## Action item
With the pictures left out, retype exactly the lines below starting at the line that contains "Μια λαμπάδα με" and ending at the line that contains "ただし、天井・壁・柱など、建".

====== Data records

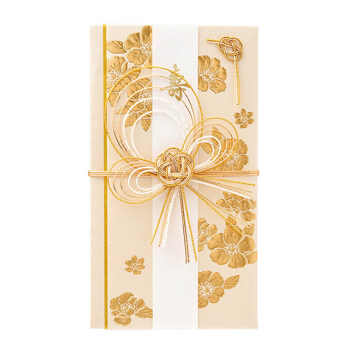 Der Umschlag erinnert in seiner Gestaltung an feine Seidenstoffe und zeigt eine dezente, perlglänzende Oberfläche. Die geprägte Goldfolie verleiht dem Design eine klare Struktur und eine hochwertige Anmutung. Das Modell eignet sich gut für festliche Geldgeschenke zu besonderen Anlässen.
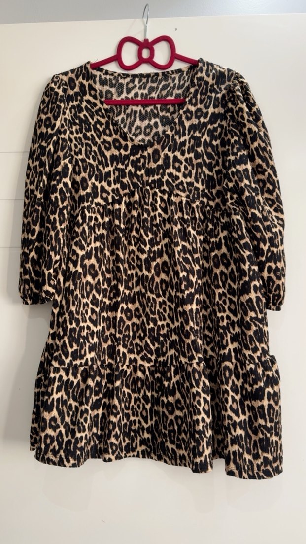 Koyu kahverengi leopar desenli, V yakalı, uzun kollu, bol kesim elbise.
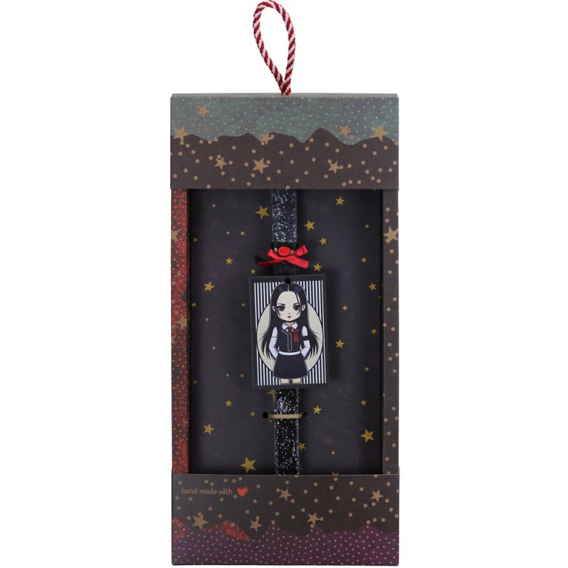 Μια λαμπάδα με ένα κορίτσι με πολύ σοβαρό ύφος, μαύρα μακριά μαλλιά, λευκό γιακαδάκι και clean look. Τα κορίτσια την λατρεύουν και σίγουρα θα λατρέψουν και αυτή την λαμπάδα. Θα την βρείτε σε τρεις εκδοχές για να επιλέξετε. Τα υλικά διακόσμησης είναι υψηλής ποιότητας και εισάγονται αποκλειστικά από την SYNCHRONIA. Τα αντικείμενα σχεδιάζονται ή επιλέγονται για την αισθητική, την αυθεντικότητα, την φιλικότητα προς το περιβάλλον και το δίκαιο εμπόριο. • Το κερί είναι αρωματικό, χειροποίητο και κατασκευάζεται στην Ελλάδα • Περιλαμβάνεται η εντυπωσιακή συσκευασία δώρου με ποτηράκι για το κερί • Ύψος λαμπάδας: 30εκ. • Μέγεθος συσκευασίας: 20×5,5×40 εκ.
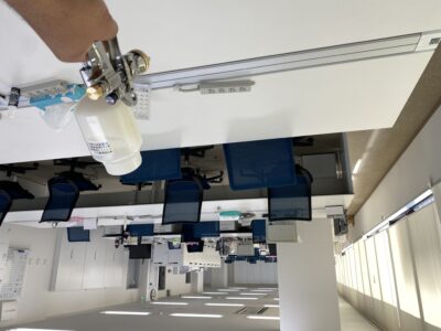 ただし、天井・壁・柱など、建物躯体への摩擦刺激はあまりないため、クロスを変えるなどがない限り、躯体全体の塗膜で守られるものだとお考え下さい。光触媒はスポット的に活用するより、空間を光触媒で包むことで、高い効果を得られるものです。
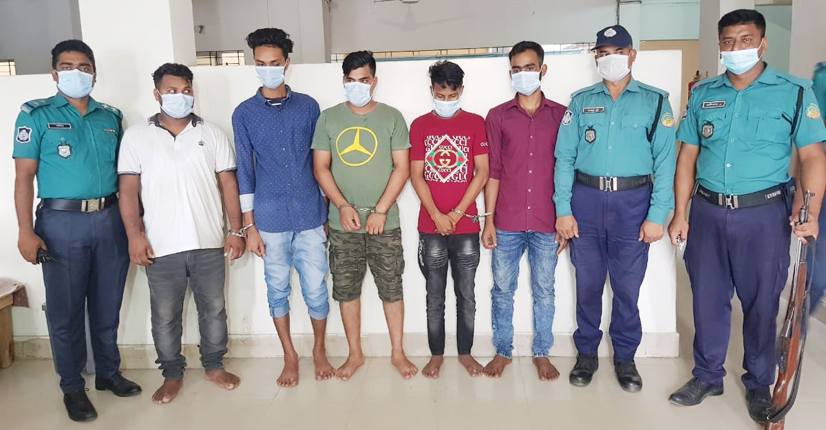গ্রেফতার ব্যক্তিরা হলেন শেরপুরের নকলা উপজেলার চর বসন্তিপুর গ্রামের কুতুবউদ্দিনের ছেলে মজনু মিয়া (২৭), রংপুরের পীরগঞ্জ উপজেলার তুলারামপুর গ্রামের কামরুল ইসলামের ছেলে আল আমিন (২৫), নাটোরের নলডাঙ্গা উপজেলার পশ্চিম সোনা পাতিল (আরিয়া পাড়া) গ্রামের ইউসুফ মিয়ার ছেলে স্বপন মিয়া (২২), টঙ্গী পশ্চিম থানার খরতৈল (সুখীনগর) এলাকার আবু তালেবের ছেলে মো. ফয়সাল (৩১) এবং টঙ্গী পূর্ব থানা এলাকার আলী হোসেনের ছেলে মো. ওয়াসিম (৩৪)।

============

## Response to this task
 Μια λαμπάδα με ένα κορίτσι με πολύ σοβαρό ύφος, μαύρα μακριά μαλλιά, λευκό γιακαδάκι και clean look. Τα κορίτσια την λατρεύουν και σίγουρα θα λατρέψουν και αυτή την λαμπάδα. Θα την βρείτε σε τρεις εκδοχές για να επιλέξετε. Τα υλικά διακόσμησης είναι υψηλής ποιότητας και εισάγονται αποκλειστικά από την SYNCHRONIA. Τα αντικείμενα σχεδιάζονται ή επιλέγονται για την αισθητική, την αυθεντικότητα, την φιλικότητα προς το περιβάλλον και το δίκαιο εμπόριο. • Το κερί είναι αρωματικό, χειροποίητο και κατασκευάζεται στην Ελλάδα • Περιλαμβάνεται η εντυπωσιακή συσκευασία δώρου με ποτηράκι για το κερί • Ύψος λαμπάδας: 30εκ. • Μέγεθος συσκευασίας: 20×5,5×40 εκ.
 ただし、天井・壁・柱など、建物躯体への摩擦刺激はあまりないため、クロスを変えるなどがない限り、躯体全体の塗膜で守られるものだとお考え下さい。光触媒はスポット的に活用するより、空間を光触媒で包むことで、高い効果を得られるものです。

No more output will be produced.